A salesman who was growing more and more nervous
about his travel by air went one day to see a statistician.
"Can you tell me what the odds would be against my
boarding an aircraft on which somebody had hidden a bomb?"
he asked. He replied, "I can't tell you until I've
analyzed the available data. Come back again in a week."
The next week the worried salesman returned and asked if
the answer was ready. "Yes," said the statistician, "the
odds are one million to one against you getting on an aircraft
with one bomb on it." "Those are good odds," said the
salesman, "but I'm not sure they are good enough for me. I
travel a good deal." "Well then, if you really want to be
safe, "The statistician counseled, "carry a bomb with you.
My calculations indicate the odds are one billion to one
against your boarding an aircraft with two bombs on it."
This is obviously crazy advice, but the statistics are
correct and they reveal how you can prove anything with
statistics. The jump of the odds from one million to one
billion also points out what a radical difference there can be
between one and two. Upon close examination we find the
most radical transition anywhere is the jump from one to
two.
Elton Trueblood, the outstanding Quaker theologian,
points out some things of interest here. He says that the step
from two to three is relatively slight, but the step from one to
two is enormous. Why? Because when you go from two to
three you are going from one degree of plurality to another,
but when you go from one to two you leapt out of one
category into another totally different, not only in degree but
in kind, for you leap from singularity into to plurality. For
example, if a man has two or three wives or any number
beyond this he remains in the same class-he is a polygamist.
But if he has one wife he is a monogamist. To go from one to
two is a change in class, but to go from two to any other
number is only a change of degree within the same class. To
go from two to any other number is just a change in
quantity, but to go from one to two is a change in quality.
One is the most unique of all numbers, not only because it
is the beginning of numbers, but because it represents a class
all it's own. Singularity refers to one, and one only, but
plurality refers to all the rest from two to infinity.
Trueblood says, "There is more essential difference between
one and two then there is between two and a million." This
is more than an interesting fact of mathematics, it is an
important theological truth. One is the great theological
number, for ultimates are characterized by singularity, and
they call for undivided concentrated commitment. Paul in
Eph. 4 says, "There is one body and one Spirit, just as you
were called to the one hope that belongs to your call, one
Lord, one faith, one baptism, one God and Father of us
all..."
Christianity is characterized by oneness, and we find this
is also central in the Old Testament. The most basic text of
Judaism is Deut. 6:4, "Hear, O Israel: The Lord our God is
one Lord." One God is the foundational doctrine of the
Bible, and that is why commandment number one deals with
the fundamental issue of oneness. God prohibits a plurality
of gods and demands singular and concentrated devotion to
Himself. No other category but oneness is acceptable. He
will tolerate nothing but that unique class of number one.

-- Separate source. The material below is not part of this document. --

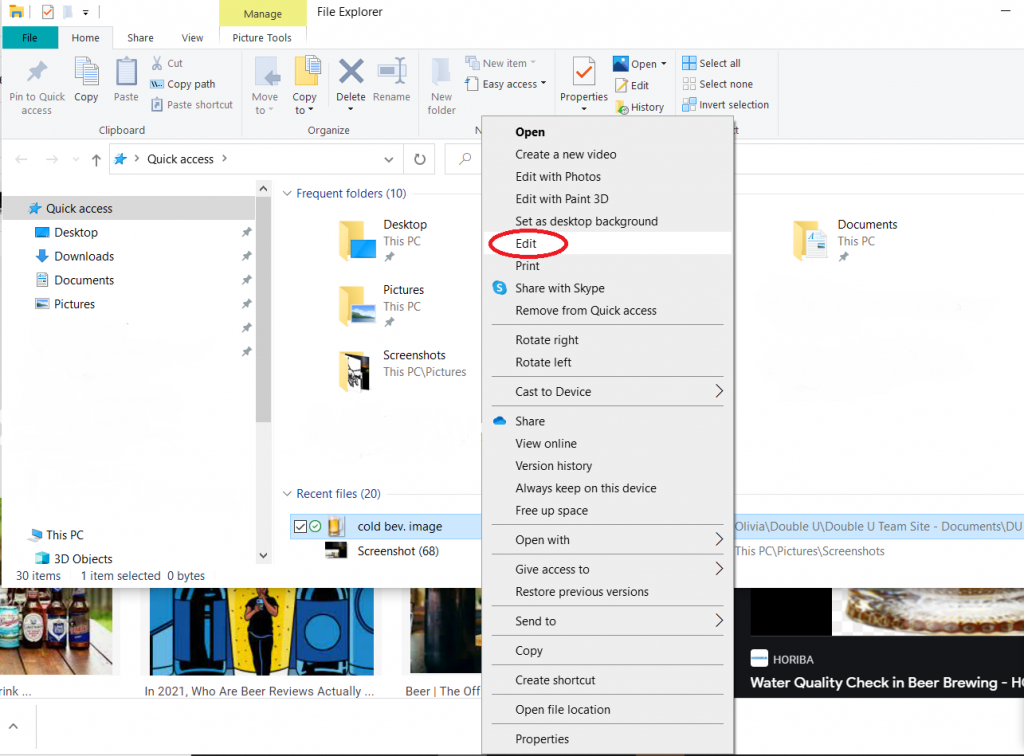 Once saved - open your files, right click your photo, and select edit.

The Old Testament emphasis is on the prohibition of
polytheism. The New Testament emphasis is on the positive
concentrated devotion to the one God. Both have the same
goal, but before one can concentrate he has to get rid of his
divisive loyalties. Let's look first at the Old Testament
emphasis which-
I. PROHIBITS COMPOUND DEVOTION:
It might be hard for us to conceive in this day of growing atheism and
anti-religious attitudes, but one of man's basic problems has
always been that he is too religious. Man's tendency has
always been to believe too much rather than too little. The
result is, his religion distorts all of reality and becomes a vice
rather than a virtue. Doctor John Baillie says, "A pagan is
not a man who does not believe in and worship deity, but a
man who believes in and worships too many deities." The
pagan is too religious. He has no unity of life, but is a
shambles of disunity, tossed about by fears and uncertainty.
He is at the mercy of gods everywhere, and never knows for
sure how to placate them or gain their favor.

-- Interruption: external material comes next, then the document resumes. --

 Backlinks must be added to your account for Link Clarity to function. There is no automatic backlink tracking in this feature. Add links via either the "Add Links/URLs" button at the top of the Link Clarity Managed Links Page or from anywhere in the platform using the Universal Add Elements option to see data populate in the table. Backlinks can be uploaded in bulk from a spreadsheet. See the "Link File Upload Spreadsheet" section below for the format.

Paul in Rom. 1 says that one of the worst curses that ever
befell man was when God gave them up to worship their
manifold gods. As too many cooks spoil the soup, so too
many gods spoil life. When you have gods galore and even
more, your devotions are divided. There is no basis for unity
in the individual or society. Chaos reigns within and
without. Every man creates his God in his own image. Too
much religion can be more of an enemy to mans unity than
no religion.
The Jews came out of Egypt where there were many gods,
and they were headed for Canaan where there were many
gods. The only hope for Israel to become a unified nation
was to prohibit them from giving devotion to the plurality of
gods they would encounter. Even two gods is one too many,
for it divides man, and man cannot be divided in his
ultimate loyalties and be happy. Jesus said that we cannot
serve God and mammon. You will love the one and hate the
other he said. A compound ultimate devotion is a
psychological impossibility.
This is a universe and not a multiverse. The planets
revolve around a single Sun, and so it must be with man. He
cannot have a duel or plural center and be happy. He must
have a single center, a single devotion, a single God.
Oneness is the only category into which ultimate value will
fit. Science confirms monotheism by revealing the unity of
all creation. There is only one Creator of this unity, for all
is regulated by one system of law.
Now you might think that this commandment is not
relevant for our day. The choice now is not between one
God and many, but between one God and none. Atheism
and not polytheism is the great competitor for mans loyalty
today. Gods Word prohibits the jump from one to two, and
God demands that His people reduce their devotion to one
God, but the atheist wants to reduce even further and have
no God at all. Even one is one too many for them. But
atheism is really only a subtle move to get back to polytheism.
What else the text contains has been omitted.